Expression quantification and differential gene expression analysis

This step is performed by the run_diff() function. There are two starting points here - one may begin either with BAM files, in which case the function will take care of read counting, or one may begin with a matrix of counts generated externally. There is an extensive list of option, but most may be left at their default settings. Here we discuss the main options that need adjusting:

threads - the number of parallel threads to be used. If parallel processing is to be used, the number of cores may be easily determined using the parallel package (if available): parallel::detectCores().
experimentTitle - a name for the experiment. Currently, this does not do much, but in a later revision of the program, reports will be generated using this information.
modules - the programs to use for differential analysis. This may be any combination of "L" (limma), "E" (edgeR), and "D" (DESEq2). If more than one program is chosen, additional output files are produced indicating the genes which were identified as differential by all the programs.
p.value - the adjusted p-value for significance testing; the default is 0.05.
sample.path - the path to a sample metadata file. This is a tab-delimited text file containing information about the samples being analysed in tabular format. An example of such a file is shown in Table 3. The important columns in this file are:
- basename: the basename of the samples. For example, if a BAM file for counting is located at /bamfiles/WT_HEK_sample1.bam, then the basename is WT_HEK_sample1, i.e., the filename without the path and extension. If starting from an externally generated count matrix, then the basename is the column name used to describe that sample.
- a contrast column: the name of this column is up to the user's discretion, but this column contains information about the contrasts of interest. Thus, if the analysis was comparing wild-type cells with cells that had gene 1 or gene 2 knocked out, then the entries in this column might be WT, KO1, and KO2.
- a column indicating blocking factors or batch effect: the name of this column is up to the user's discretion, but this column contains information about blocking factors or batch effect. This, if the analysis had three replicates for each condition, this might contain that information in the form of the entries 1, 2, and 3. Alternatively, the experiment may contain multiple cell types, but the desire is to compare one condition against other condition, but still take into account that there might be differences between cell types - in this situation, this column would be used to indicate cell type.

Table 3: An example sample metadata table.

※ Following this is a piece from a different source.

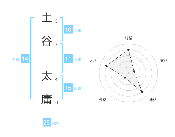 土谷 太庸さんの総格は25画の4点!

basename	condition	replicate	celltype	condition.celltype
HAEC_OX_SAMPLE1	OX	1	HAEC	OX.HAEC
HAEC_OX_SAMPLE2	OX	2	HAEC	OX.HAEC
HAEC_OX_SAMPLE3	OX	3	HAEC	OX.HAEC
HAEC_UNT_SAMPLE1	UNT	1	HAEC	UNT.HAEC
HAEC_UNT_SAMPLE2	UNT	2	HAEC	UNT.HAEC
HAEC_UNT_SAMPLE3	UNT	3	HAEC	UNT.HAEC
VSMC_UNT_SAMPLE1	OX	1	VSMC	OX.VSMC
VSMC_UNT_SAMPLE2	OX	2	VSMC	OX.VSMC
VSMC_UNT_SAMPLE3	OX	3	VSMC	OX.VSMC
VSMC_OX_SAMPLE1	UNT	1	VSMC	UNT.VSMC
VSMC_OX_SAMPLE2	UNT	2	VSMC	UNT.VSMC
VSMC_OX_SAMPLE3	UNT	3	VSMC	UNT.VSMC

contrast.column - the column in the sample metadata table indicating the contrasts. In the example above, this would be the column called condition.
block.column - the column in the sample metadata table indicating blocking factors. In the example above, this would be the column called replicate. If there are no blocking factors, then this should be NULL.
contrast.levels - a character vector specifying the order in which the contrasts should be evaluated. In the example above, the untreated (UNT) cells are the reference and the OX-treated cells are the condition of interest. This would be indicated by c("UNT", "OX"). In the earlier example where there were wild-type cells, and two different gene knock-outs, the wild-type cells are the reference, against which both are compared. In addition, we wish to compare how the two knock-outs differ, using the first gene knock-out as a reference. This would be indicated by c("WT", "KO1", "KO2").
count - this is simply TRUE or FALSE and indicates whether read-counting should be performed. If TRUE, then the path to the BAM files must be indicated in the bamfiles option. If FALSE, then the path to the count matrix generated from elsewhere must be indicated in the count.file option.
count.file - only required if count = FALSE. This is simply a tab-delimited text file containing a matrix of counts, where each row is a gene, and each column is a sample library. Importantly, the column names must match the basename in the sample metadata file.
featurecounts - the path to featureCounts. In Linux, provided this is in the $PATH, this does not need to be changed. Similarly, in Windows 10, if the installation instructions in the setting up WSL guide were followed, this does not need to be changed. However, if it is in a non-standard location, even if it is in $PATH, it is not possible to easily call the program from R without specifying the full path to the binary.
bamfiles - a vactor containing the full paths to the BAM fiels to be counted. Only used if count = TRUE.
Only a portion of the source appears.